What to produce: Transcribe every entry exactly; the images stay out.
----------------------------------------
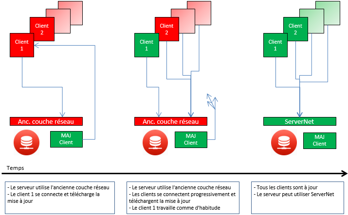 L'ancienne couche réseau est conservée pour assurer la compatibilité des bases existantes. ServerNet est automatiquement utilisé dans les nouvelles bases.
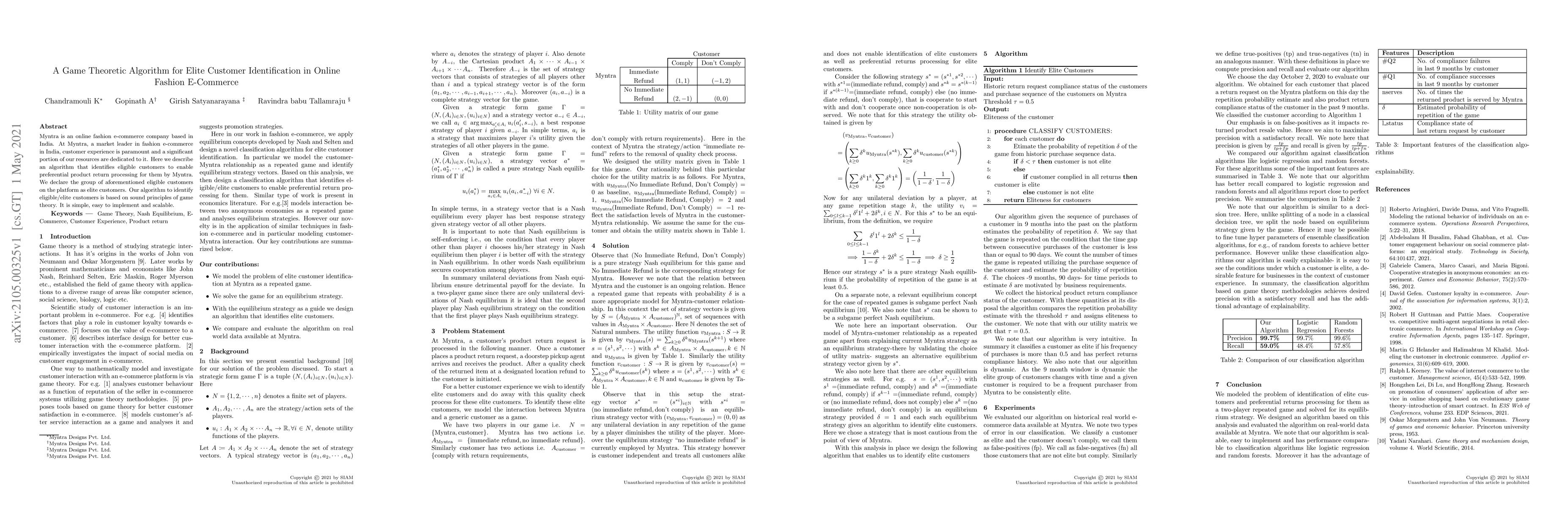 Myntra is an online fashion e-commerce company based in India. At Myntra, a market leader in fashion e-commerce in India, customer experience is paramount and a significant portion of our resources are dedicated to it. Here we describe an algorithm that identifies eligible customers to enable preferential product return processing for them by Myntra. We declare the group of aforementioned eligible customers on the platform as elite customers. Our algorithm to identify eligible/elite customers is based on sound principles of game theory. It is simple, easy to implement and scalable.
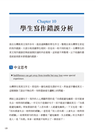 收錄9類連美國大學生都容易犯的錯誤、5項台灣學生獨有的寫作盲點,透過大量例句訂正,逐一除錯,指引讀者精準使用代名詞、避免懸盪修飾語等,並訓練以英文思考,內容表達更正確到位。
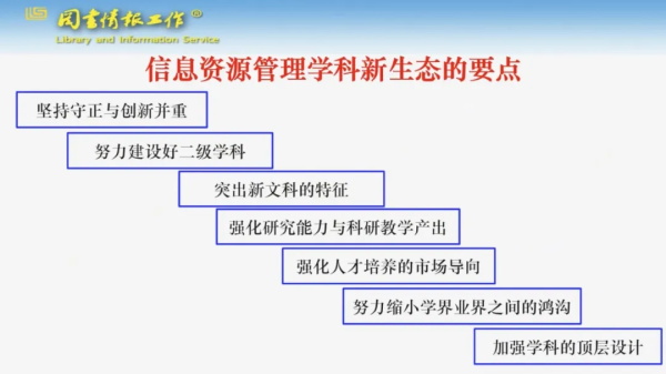 隨后,中國科學(xué)院文獻(xiàn)情報(bào)中心學(xué)術(shù)委員會(huì)主任初景利教授從新質(zhì)生產(chǎn)力視角審視信息資源管理學(xué)科建設(shè),圍繞“面向新質(zhì)生產(chǎn)力構(gòu)建信息資源管理學(xué)科發(fā)展新生態(tài)”的主題,闡述新質(zhì)生產(chǎn)力與信息資源管理學(xué)科的關(guān)系,列舉信息管理學(xué)科傳統(tǒng)生態(tài)的種種問題,提出了構(gòu)建信息管理學(xué)科新生態(tài)的要點(diǎn)。
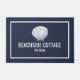 Bienvenue aux visiteurs avec ce modèle moderne de coquillages location de vacances Tapis de portes avec typographie moderne en blanc sur un arrière - plan bleu marine. Ajoutez votre nom personnalisé de location de vacances à cet élégant matelas, parfait pour une location de maison de plage, location de lac ou airbnb.
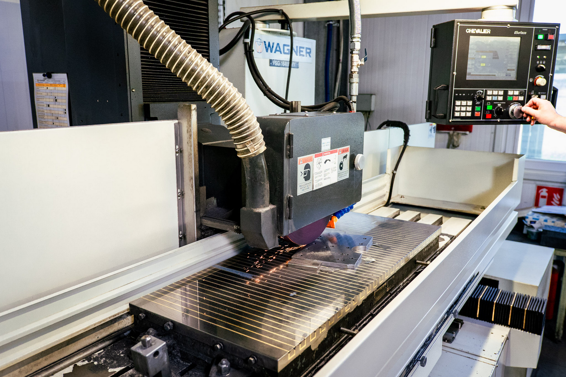Szlifowanie realizowanie jest w pełni automatycznie na dużej płycie elektromagnetycznej lub bezpośrednio na stole roboczym. Stół roboczy napędzany jest hydraulicznie i porusza się na szlifowanych i hartowanych indukcyjnie prowadnicach. Aby osiągnąć najwyższą dokładność i precyzję obróbki, szlifierka magnesowa CHEVALIER FSG 1640 ADIV wyposażona została w funkcję dynamicznego wyważania i automatycznego obciągania tarczy szlifierskiej.
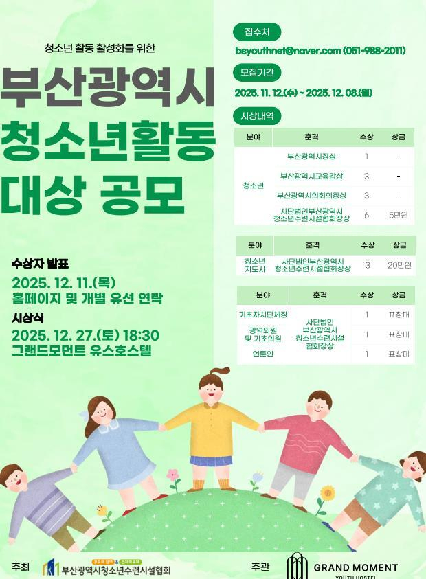 (사)부산시청소년수련시설협회(이사장 박용하)와 그랜드모먼트 유스호스텔(운영대표 박수영)은 14일 부산 지역 청소년활동 활성화에 기여한 개인과 단체를 대상으로 ‘2025년 청소년활동 대상’ 후보자 공모를 시작한다고 밝혔다.
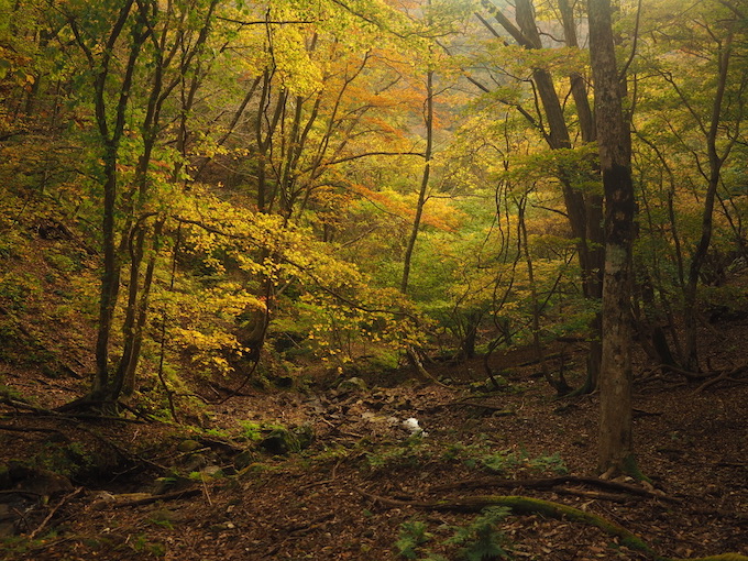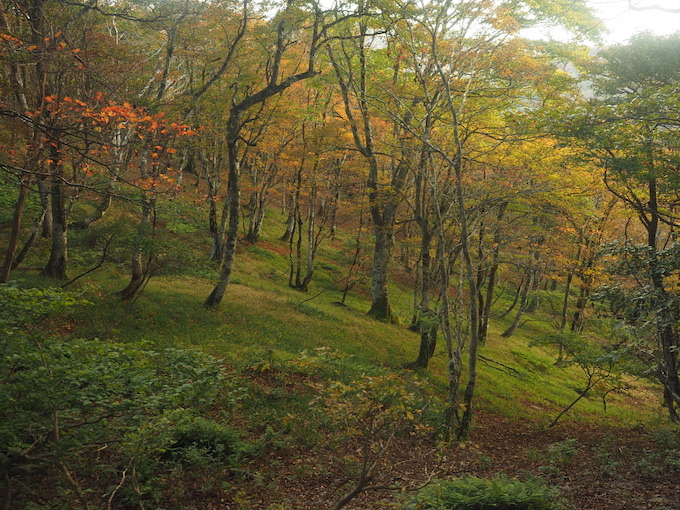 山毛欅の樹々が明るく輝く南西の源頭に誘い込まれるように下降する。途端に林床には一面に柔らかい草やイワヒメワラビの緑が広がり、山毛欅の黄葉と美しいコントラストを見せてくれる。
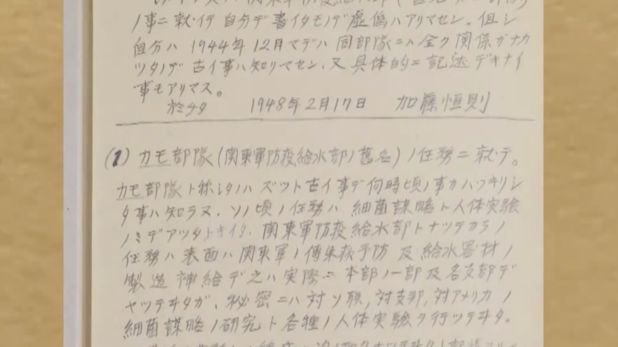 【CRI】 旧日本軍の罪状に新たな確証、731部隊の支隊長の自筆供述書が初公開
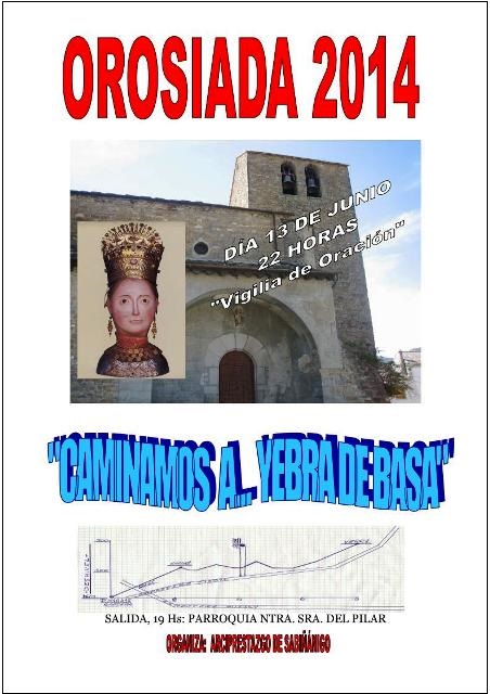 La Orosiada, la marcha peregrinante que venimos haciendo desde hace ya unos años, será el día 13 de Junio, viernes. Comenzará a las 7 de la tarde en la Parroquia del Pilar de Puente Sardas y terminará en Yebra de Basa, a las 22 horas, con un encuentro de oración ante la reliquia de Santa Orosia. Todos estamos invitados. De una forma especial, los jóvenes. Con más razón, si cabe, aquellos que han estado preparándose para la confirmación o que acaban de ser confirmados. Como siempre, habrá autobús para la vuelta. ¡Os esperamos! Más información en el último post de esta página.
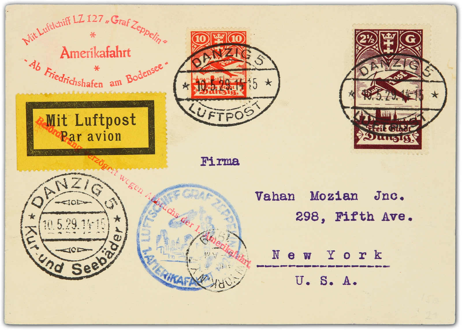 9655 Brief MichelZeppelinundLuftp image1929, abgebrochene Amerikafahrt, Zuleitungspost DANZIG, Karte ab Danzig 10.5.29 via Friedrichshafen nach New York 5.8. (Image)
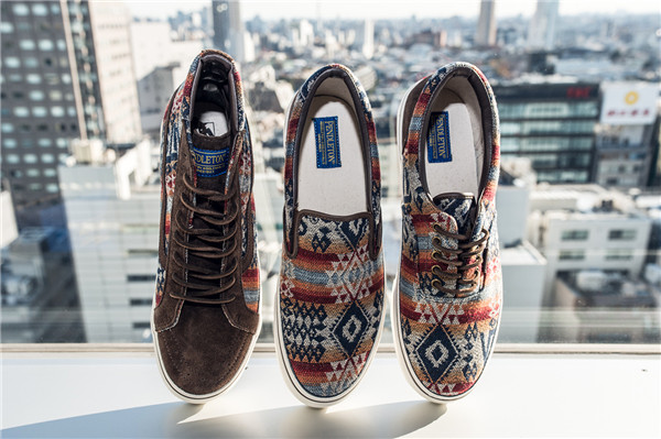 来自美国的纺织品生产商 Pendleton 常常与其它品牌开展联名,最耳熟能详的作品莫过于与 Nike 合作的 “N7” 系列。此次联手 Vans 日本团队打造了2013秋冬联名系列,囊括了 Era、Sk8-Hi 和 Slip On 三双经典鞋款。鞋面使用了充满名族风的羊毛材质结合麂皮打造,质感出众。喜欢民族风穿搭的朋友不应该错过这个系列,现在已经可以在 Vans 日本店铺买到了。
----------------------------------------
Output below:
 L'ancienne couche réseau est conservée pour assurer la compatibilité des bases existantes. ServerNet est automatiquement utilisé dans les nouvelles bases.
 Myntra is an online fashion e-commerce company based in India. At Myntra, a market leader in fashion e-commerce in India, customer experience is paramount and a significant portion of our resources are dedicated to it. Here we describe an algorithm that identifies eligible customers to enable preferential product return processing for them by Myntra. We declare the group of aforementioned eligible customers on the platform as elite customers. Our algorithm to identify eligible/elite customers is based on sound principles of game theory. It is simple, easy to implement and scalable.
 收錄9類連美國大學生都容易犯的錯誤、5項台灣學生獨有的寫作盲點,透過大量例句訂正,逐一除錯,指引讀者精準使用代名詞、避免懸盪修飾語等,並訓練以英文思考,內容表達更正確到位。
 隨后,中國科學(xué)院文獻(xiàn)情報(bào)中心學(xué)術(shù)委員會(huì)主任初景利教授從新質(zhì)生產(chǎn)力視角審視信息資源管理學(xué)科建設(shè),圍繞“面向新質(zhì)生產(chǎn)力構(gòu)建信息資源管理學(xué)科發(fā)展新生態(tài)”的主題,闡述新質(zhì)生產(chǎn)力與信息資源管理學(xué)科的關(guān)系,列舉信息管理學(xué)科傳統(tǒng)生態(tài)的種種問題,提出了構(gòu)建信息管理學(xué)科新生態(tài)的要點(diǎn)。
 Bienvenue aux visiteurs avec ce modèle moderne de coquillages location de vacances Tapis de portes avec typographie moderne en blanc sur un arrière - plan bleu marine. Ajoutez votre nom personnalisé de location de vacances à cet élégant matelas, parfait pour une location de maison de plage, location de lac ou airbnb.
Szlifowanie realizowanie jest w pełni automatycznie na dużej płycie elektromagnetycznej lub bezpośrednio na stole roboczym. Stół roboczy napędzany jest hydraulicznie i porusza się na szlifowanych i hartowanych indukcyjnie prowadnicach. Aby osiągnąć najwyższą dokładność i precyzję obróbki, szlifierka magnesowa CHEVALIER FSG 1640 ADIV wyposażona została w funkcję dynamicznego wyważania i automatycznego obciągania tarczy szlifierskiej.
 (사)부산시청소년수련시설협회(이사장 박용하)와 그랜드모먼트 유스호스텔(운영대표 박수영)은 14일 부산 지역 청소년활동 활성화에 기여한 개인과 단체를 대상으로 ‘2025년 청소년활동 대상’ 후보자 공모를 시작한다고 밝혔다.
 山毛欅の樹々が明るく輝く南西の源頭に誘い込まれるように下降する。途端に林床には一面に柔らかい草やイワヒメワラビの緑が広がり、山毛欅の黄葉と美しいコントラストを見せてくれる。
 【CRI】 旧日本軍の罪状に新たな確証、731部隊の支隊長の自筆供述書が初公開
 La Orosiada, la marcha peregrinante que venimos haciendo desde hace ya unos años, será el día 13 de Junio, viernes. Comenzará a las 7 de la tarde en la Parroquia del Pilar de Puente Sardas y terminará en Yebra de Basa, a las 22 horas, con un encuentro de oración ante la reliquia de Santa Orosia. Todos estamos invitados. De una forma especial, los jóvenes. Con más razón, si cabe, aquellos que han estado preparándose para la confirmación o que acaban de ser confirmados. Como siempre, habrá autobús para la vuelta. ¡Os esperamos! Más información en el último post de esta página.
 9655 Brief MichelZeppelinundLuftp image1929, abgebrochene Amerikafahrt, Zuleitungspost DANZIG, Karte ab Danzig 10.5.29 via Friedrichshafen nach New York 5.8. (Image)
 来自美国的纺织品生产商 Pendleton 常常与其它品牌开展联名,最耳熟能详的作品莫过于与 Nike 合作的 “N7” 系列。此次联手 Vans 日本团队打造了2013秋冬联名系列,囊括了 Era、Sk8-Hi 和 Slip On 三双经典鞋款。鞋面使用了充满名族风的羊毛材质结合麂皮打造,质感出众。喜欢民族风穿搭的朋友不应该错过这个系列,现在已经可以在 Vans 日本店铺买到了。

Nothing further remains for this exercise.